My partner is writing an MA thesis about queer abstraction and archaeologies that will accompany his sculptures. I picked up one of his little theory books called Queering the Museum and the first quote I read was: ‘…the role of the critic is not to debunk, but to assemble, not to lift the rugs from under the feet of the naïve believers but, rather, to offer participant arenas in which to gather.’ Good criticism isn’t authoritative, it acknowledges that it too is an attendee in the arena, is open to discussion. I do think there are concessions though, like when a hugely popular book whose reception has gone awry is being critiqued. Catriona Menzies-Pike does a hilarious and solid job of this when she recently critiqued Trent Dalton’s books on the Sydney Review of Books.

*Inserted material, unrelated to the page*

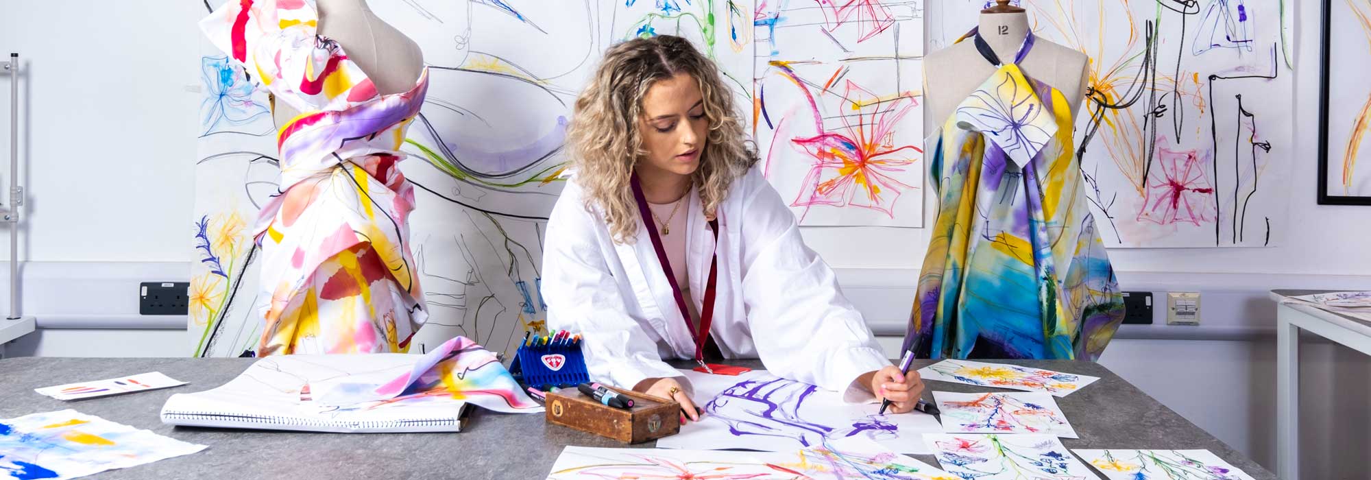 The technical skills you’ll develop include pattern cutting, garment construction and CAD drawing. It will involve designing a fashion print, constructing a garment out of the fabric and then undertaking a professional photo shoot to evidence your design in the best way possible.

I’ve decided I’m only reading queer writers for the rest of the year. Which brings me to Eda Gunaydin’s Root and Branch. The book is sage, personal, funny. It asks very important questions about how to be. I was at the book’s Sydney launch and, towards the end of the event, and after a hearty discussion, Eda was accosted by a weirdo who was asking ridiculous questions because he was ‘worried’ that she was making dangerous political associations in her work. The Better Read staff were great at shutting him down and ushering him away. The encounter reminded me again that queer people are misunderstood and that we are still burdened by having to educate when we are just trying to enjoy our book launches.
When I was procrastinating from marking my undergrads’ creative-writing assessments the other day, I decided to clear out the bookshelf and found a gay manga book with an incestuous plot by Gengoroh Tagame. We must have inherited it from a conglomerate book collection in one of our many share houses. I’m glad we did because it’s fascinating and I’m shocked that it has taken me thirty-five years to read manga. After I read the whole thing on my sore knees in front of the bookshelf, I stood up and added it to the TBR pile.
George Haddad is an award-winning writer and artist practising on Gadigal land. His novel Losing Face was published by UQP in May 2022. His novella, Populate and Perish, was the winner of the 2016 Viva La Novella competition and his short story ‘Kátharsis’ was awarded the 2018 Neilma Sidney Prize. Haddad is currently a doctoral candidate and sessional tutor at the Writing and Society Research Centre, Western Sydney University.